Given records:
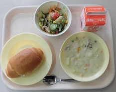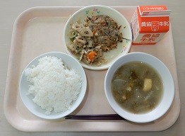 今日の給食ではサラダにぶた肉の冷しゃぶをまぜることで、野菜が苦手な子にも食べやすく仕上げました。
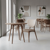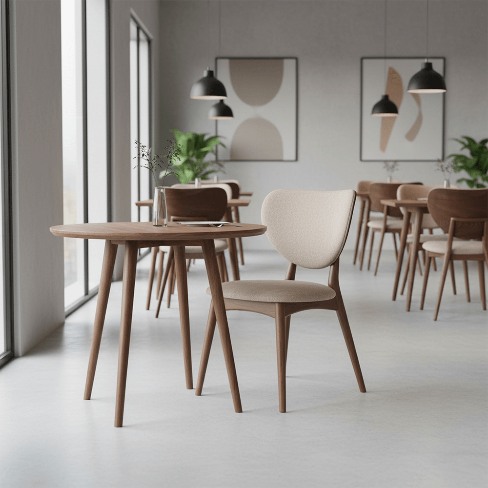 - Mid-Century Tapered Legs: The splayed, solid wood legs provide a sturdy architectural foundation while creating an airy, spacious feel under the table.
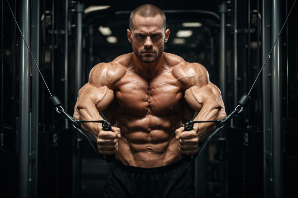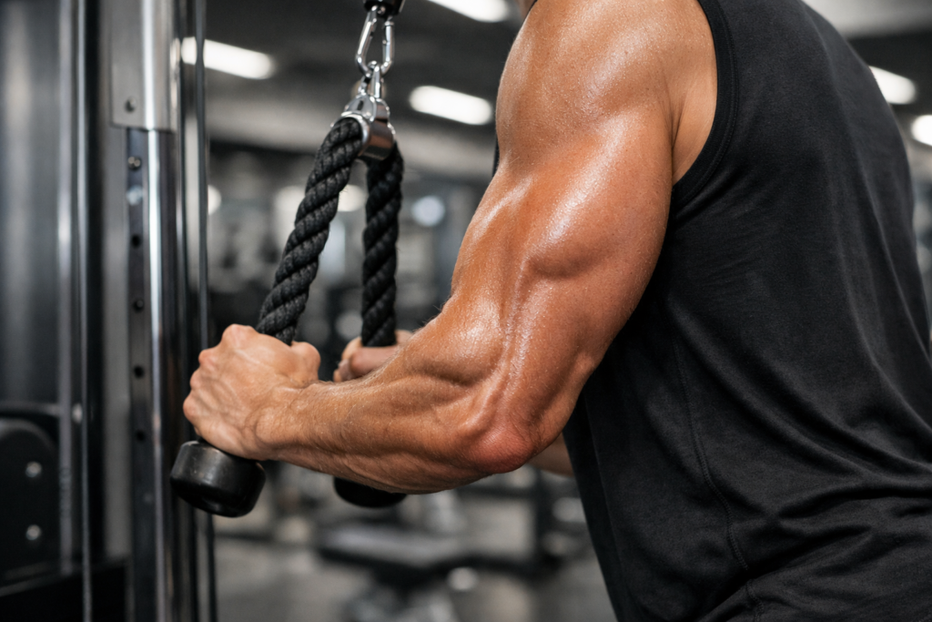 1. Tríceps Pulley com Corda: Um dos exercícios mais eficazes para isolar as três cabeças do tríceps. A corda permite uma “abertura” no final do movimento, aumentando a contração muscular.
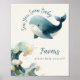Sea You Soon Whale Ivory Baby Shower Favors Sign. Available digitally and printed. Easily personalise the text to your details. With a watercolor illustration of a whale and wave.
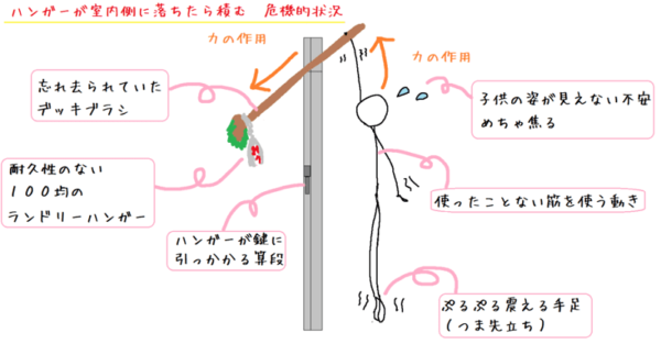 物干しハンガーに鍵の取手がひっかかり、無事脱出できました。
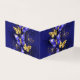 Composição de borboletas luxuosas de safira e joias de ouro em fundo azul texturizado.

--

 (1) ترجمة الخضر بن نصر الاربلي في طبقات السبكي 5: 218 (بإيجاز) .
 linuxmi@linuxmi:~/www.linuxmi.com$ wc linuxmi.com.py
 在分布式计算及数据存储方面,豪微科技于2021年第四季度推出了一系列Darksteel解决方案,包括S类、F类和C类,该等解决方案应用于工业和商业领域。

Task directions: Where the line holding "(1) ترجمة الخضر" appears in the listing above, start reproducing exactly, and end with the line holding "在分布式计算及数据存储方面,豪微科技于2".

Worked solution:
 (1) ترجمة الخضر بن نصر الاربلي في طبقات السبكي 5: 218 (بإيجاز) .
 linuxmi@linuxmi:~/www.linuxmi.com$ wc linuxmi.com.py
 在分布式计算及数据存储方面,豪微科技于2021年第四季度推出了一系列Darksteel解决方案,包括S类、F类和C类,该等解决方案应用于工业和商业领域。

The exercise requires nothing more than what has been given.